By: --- (---.delete@this.redheron.com), September 20, 2021 7:11 am
Room: Moderated Discussions
Jörn Engel (joern.delete@this.purestorage.com) on September 19, 2021 8:46 pm wrote:
> Anon (no.delete@this.spam.com) on September 19, 2021 5:32 pm wrote:
> > Michael S (already5chosen.delete@this.yahoo.com) on September 19, 2021 4:46 pm wrote:
> > > > It's a night here now.
> > >
> > > So, I measured time, in microsecond, of summation of 8,000,000 L1D-resident 64-bit numbers
> > > (16,000 B buffer, summation repeated 4,000 times) at different alignments and using different
> > > access/arithmetic width. CPU - Skylake Client (Xeon E-2176G) downclocked to 4.25 GHz.
> > >
> > > Here are results:
> > > 8-byte (64b) accesses:
> > > 0 1064
> > > 1 1170
> > >
> > > 16-byte (128b) accesses:
> > > 0 483
> > > 1 701
> > >
> > > 32-byte (256b) accesses:
> > > 0 256
> > > 1 468
> > >
> > > Misalignment penalty [of streaming add):
> > > 8-byte - 1.10x
> > > 16-byte - 1.45x
> > > 32-byte - 1.83x
>
> Thank you!
>
> > I think you should point out when the access cross a cache line or not.
>
> Interesting idea. With 8-byte access, roughly 12.5% off accesses should cross a cacheline. Ratio goes
> up with access size, as does the misalignment penalty. The numbers don't quite match up, but a lot of
> the measurements could be explained if performance was limited by the numbers of cachelines read.
>
> 1064 - 1.77 cachelines / cycle
> 1170 - 1.81 cachelines / cycle
> 483 - 1.95 cachelines / cycle
> 701 - 1.67 cachelines / cycle
> 256 - 1.83 cachelines / cycle
> 468 - 1.51 cachelines / cycle
>
> Not sure. I'll have to play around with the code a bit.

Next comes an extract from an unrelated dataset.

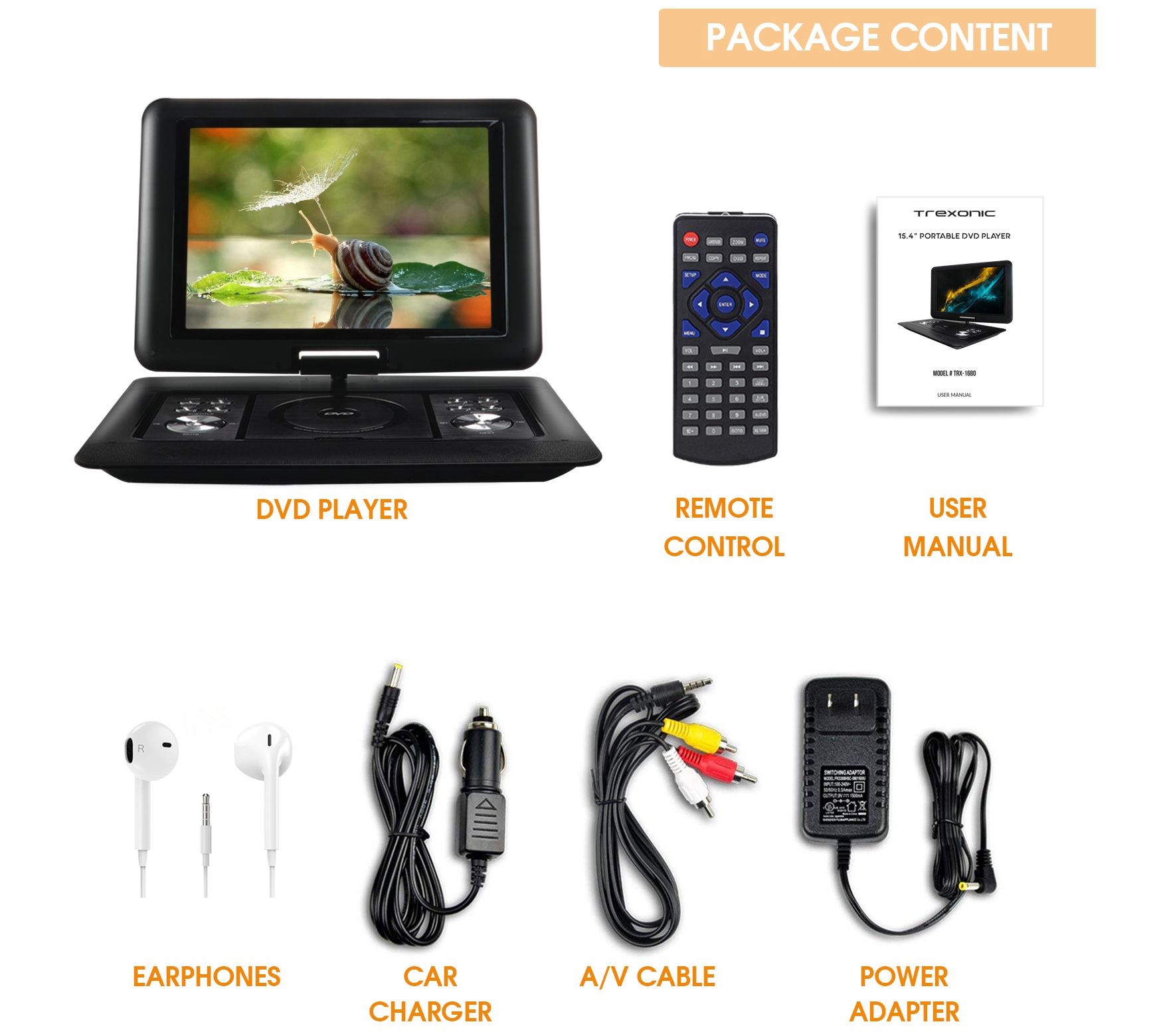• Includes TRX-1680 portable DVD player with remote control, power adapter, headphones, car charger, A/V cables, and manual
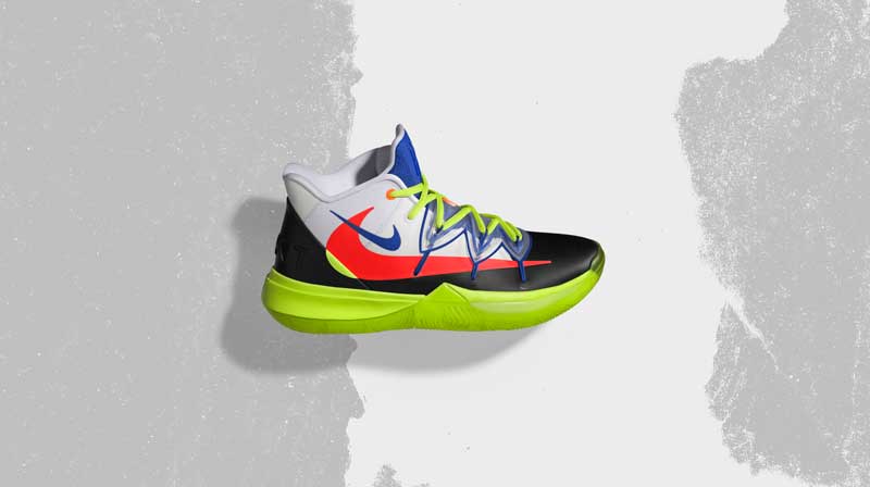 Pour Kyrie Irving, c’est en collaboration avec le label streetwear californien Rokit que la Kyrie 5 a été revue.

As always, true understanding requires knowing exactly what you want to test.
One dimension is crossing "units", from bank (probably 8B aligned with Intel) to cache line to page.
A second dimension is latency vs throughput. Latency may remain the same while throughput is halved (ie a mis-aligned load uses two "units" of some constrained resource). Of course the extent to which this affects real code depends on how aggressively you are approaching load bandwidth.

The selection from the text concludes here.